Your task:
Filter the entries below down to the lines that hold "around".

Records to use:

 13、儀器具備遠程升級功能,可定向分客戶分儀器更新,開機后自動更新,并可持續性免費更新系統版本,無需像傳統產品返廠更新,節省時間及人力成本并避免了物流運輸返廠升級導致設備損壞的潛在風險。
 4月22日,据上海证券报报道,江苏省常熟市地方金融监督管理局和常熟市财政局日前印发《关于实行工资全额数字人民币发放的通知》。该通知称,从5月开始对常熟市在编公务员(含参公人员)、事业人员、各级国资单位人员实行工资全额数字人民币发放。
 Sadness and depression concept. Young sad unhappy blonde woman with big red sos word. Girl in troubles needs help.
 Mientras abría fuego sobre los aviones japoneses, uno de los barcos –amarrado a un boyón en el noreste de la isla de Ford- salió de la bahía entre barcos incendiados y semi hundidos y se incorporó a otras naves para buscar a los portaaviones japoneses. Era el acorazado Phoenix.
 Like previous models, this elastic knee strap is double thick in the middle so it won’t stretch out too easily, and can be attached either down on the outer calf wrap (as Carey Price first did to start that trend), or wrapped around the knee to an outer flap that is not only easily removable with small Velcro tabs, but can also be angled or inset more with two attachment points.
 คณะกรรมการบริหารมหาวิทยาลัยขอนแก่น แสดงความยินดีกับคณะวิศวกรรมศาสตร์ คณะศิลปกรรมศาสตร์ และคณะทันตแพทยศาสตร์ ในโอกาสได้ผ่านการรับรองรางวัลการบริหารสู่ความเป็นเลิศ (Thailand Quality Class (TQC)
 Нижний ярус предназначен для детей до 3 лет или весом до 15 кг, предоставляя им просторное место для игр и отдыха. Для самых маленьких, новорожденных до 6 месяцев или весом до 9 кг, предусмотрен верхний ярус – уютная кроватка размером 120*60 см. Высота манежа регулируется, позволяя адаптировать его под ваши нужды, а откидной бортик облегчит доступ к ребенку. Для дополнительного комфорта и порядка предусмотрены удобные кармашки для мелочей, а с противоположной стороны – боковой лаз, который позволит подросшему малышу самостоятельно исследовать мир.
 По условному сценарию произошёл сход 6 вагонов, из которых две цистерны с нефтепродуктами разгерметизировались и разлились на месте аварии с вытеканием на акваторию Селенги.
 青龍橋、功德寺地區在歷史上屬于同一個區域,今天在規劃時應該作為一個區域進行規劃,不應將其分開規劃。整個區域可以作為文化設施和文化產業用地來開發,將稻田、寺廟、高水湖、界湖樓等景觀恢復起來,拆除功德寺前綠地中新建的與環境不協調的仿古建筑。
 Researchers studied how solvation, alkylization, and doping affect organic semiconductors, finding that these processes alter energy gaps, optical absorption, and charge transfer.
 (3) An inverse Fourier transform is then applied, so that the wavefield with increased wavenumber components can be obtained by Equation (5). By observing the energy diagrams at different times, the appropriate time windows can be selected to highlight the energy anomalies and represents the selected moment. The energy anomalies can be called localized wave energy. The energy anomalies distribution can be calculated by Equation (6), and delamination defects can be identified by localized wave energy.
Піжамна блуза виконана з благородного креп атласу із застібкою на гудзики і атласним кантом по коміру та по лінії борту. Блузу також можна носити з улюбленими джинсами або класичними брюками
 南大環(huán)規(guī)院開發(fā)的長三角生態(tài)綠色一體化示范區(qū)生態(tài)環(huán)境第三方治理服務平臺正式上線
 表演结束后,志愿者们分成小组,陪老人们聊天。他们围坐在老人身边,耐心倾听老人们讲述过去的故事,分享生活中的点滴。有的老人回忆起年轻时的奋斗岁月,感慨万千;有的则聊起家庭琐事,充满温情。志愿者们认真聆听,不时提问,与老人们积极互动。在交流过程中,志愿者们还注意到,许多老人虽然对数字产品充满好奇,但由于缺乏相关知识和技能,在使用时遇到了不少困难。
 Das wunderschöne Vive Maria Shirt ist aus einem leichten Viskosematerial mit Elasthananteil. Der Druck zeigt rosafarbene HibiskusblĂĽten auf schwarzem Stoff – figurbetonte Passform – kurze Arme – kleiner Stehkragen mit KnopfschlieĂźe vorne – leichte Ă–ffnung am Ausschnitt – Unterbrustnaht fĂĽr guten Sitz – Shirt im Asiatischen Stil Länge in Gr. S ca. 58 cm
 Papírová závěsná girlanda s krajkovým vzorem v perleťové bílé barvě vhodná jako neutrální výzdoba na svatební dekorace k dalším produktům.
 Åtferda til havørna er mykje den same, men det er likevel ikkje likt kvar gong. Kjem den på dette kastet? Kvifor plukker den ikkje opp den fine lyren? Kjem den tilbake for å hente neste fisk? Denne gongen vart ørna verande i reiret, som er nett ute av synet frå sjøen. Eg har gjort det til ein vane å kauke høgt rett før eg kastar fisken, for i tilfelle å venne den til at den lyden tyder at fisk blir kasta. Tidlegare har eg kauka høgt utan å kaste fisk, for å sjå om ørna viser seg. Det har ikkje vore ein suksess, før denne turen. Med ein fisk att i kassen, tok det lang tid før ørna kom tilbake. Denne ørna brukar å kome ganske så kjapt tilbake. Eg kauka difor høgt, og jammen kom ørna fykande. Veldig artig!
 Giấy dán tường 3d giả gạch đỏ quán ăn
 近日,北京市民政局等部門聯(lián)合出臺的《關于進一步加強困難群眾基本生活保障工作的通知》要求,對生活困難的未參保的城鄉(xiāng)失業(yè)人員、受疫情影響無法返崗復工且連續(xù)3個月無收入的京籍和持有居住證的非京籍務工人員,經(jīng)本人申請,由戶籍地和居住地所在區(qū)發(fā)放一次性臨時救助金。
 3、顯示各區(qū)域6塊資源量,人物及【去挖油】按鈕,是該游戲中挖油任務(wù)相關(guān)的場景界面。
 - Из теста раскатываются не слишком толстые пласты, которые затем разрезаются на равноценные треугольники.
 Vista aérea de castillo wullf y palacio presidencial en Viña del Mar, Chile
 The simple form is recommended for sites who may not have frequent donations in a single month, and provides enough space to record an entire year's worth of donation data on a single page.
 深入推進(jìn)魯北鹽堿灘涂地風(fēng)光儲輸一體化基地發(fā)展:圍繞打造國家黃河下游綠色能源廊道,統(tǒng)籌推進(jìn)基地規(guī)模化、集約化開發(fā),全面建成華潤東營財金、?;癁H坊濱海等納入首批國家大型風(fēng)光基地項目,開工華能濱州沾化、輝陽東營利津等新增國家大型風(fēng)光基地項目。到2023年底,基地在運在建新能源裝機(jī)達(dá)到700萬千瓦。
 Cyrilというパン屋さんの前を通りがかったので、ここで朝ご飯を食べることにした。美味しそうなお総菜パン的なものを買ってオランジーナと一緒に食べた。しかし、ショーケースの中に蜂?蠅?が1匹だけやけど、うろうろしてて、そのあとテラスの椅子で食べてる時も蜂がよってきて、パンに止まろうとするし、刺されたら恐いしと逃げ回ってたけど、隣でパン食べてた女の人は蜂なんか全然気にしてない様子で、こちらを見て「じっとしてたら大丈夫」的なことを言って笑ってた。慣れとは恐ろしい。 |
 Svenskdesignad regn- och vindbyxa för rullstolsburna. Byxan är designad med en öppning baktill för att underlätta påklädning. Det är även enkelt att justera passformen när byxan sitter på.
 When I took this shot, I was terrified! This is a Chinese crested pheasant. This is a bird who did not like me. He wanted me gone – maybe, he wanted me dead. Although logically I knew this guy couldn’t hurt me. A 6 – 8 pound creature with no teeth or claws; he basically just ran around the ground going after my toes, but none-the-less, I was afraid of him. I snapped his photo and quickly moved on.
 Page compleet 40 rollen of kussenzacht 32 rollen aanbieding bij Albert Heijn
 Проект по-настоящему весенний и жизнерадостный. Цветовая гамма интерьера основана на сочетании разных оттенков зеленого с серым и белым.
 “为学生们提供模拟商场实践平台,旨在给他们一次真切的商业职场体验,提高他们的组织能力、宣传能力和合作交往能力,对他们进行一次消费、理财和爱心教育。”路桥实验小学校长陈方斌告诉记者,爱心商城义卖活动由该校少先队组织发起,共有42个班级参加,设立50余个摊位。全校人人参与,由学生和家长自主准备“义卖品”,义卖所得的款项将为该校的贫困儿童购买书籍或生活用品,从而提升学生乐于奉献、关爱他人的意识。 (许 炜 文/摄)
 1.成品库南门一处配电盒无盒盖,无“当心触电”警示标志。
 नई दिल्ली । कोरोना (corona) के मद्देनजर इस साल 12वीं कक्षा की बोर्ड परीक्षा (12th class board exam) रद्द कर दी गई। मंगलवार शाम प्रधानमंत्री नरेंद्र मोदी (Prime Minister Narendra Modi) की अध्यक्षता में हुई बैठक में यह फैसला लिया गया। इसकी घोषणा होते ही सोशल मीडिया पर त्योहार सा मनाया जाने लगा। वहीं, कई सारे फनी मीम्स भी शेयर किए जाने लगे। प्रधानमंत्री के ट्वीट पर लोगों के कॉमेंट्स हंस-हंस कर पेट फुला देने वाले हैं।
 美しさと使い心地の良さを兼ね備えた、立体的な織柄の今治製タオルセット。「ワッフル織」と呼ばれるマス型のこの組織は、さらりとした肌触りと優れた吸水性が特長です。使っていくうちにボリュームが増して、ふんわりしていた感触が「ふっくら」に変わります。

Response for this exercise:
 Like previous models, this elastic knee strap is double thick in the middle so it won’t stretch out too easily, and can be attached either down on the outer calf wrap (as Carey Price first did to start that trend), or wrapped around the knee to an outer flap that is not only easily removable with small Velcro tabs, but can also be angled or inset more with two attachment points.
 When I took this shot, I was terrified! This is a Chinese crested pheasant. This is a bird who did not like me. He wanted me gone – maybe, he wanted me dead. Although logically I knew this guy couldn’t hurt me. A 6 – 8 pound creature with no teeth or claws; he basically just ran around the ground going after my toes, but none-the-less, I was afraid of him. I snapped his photo and quickly moved on.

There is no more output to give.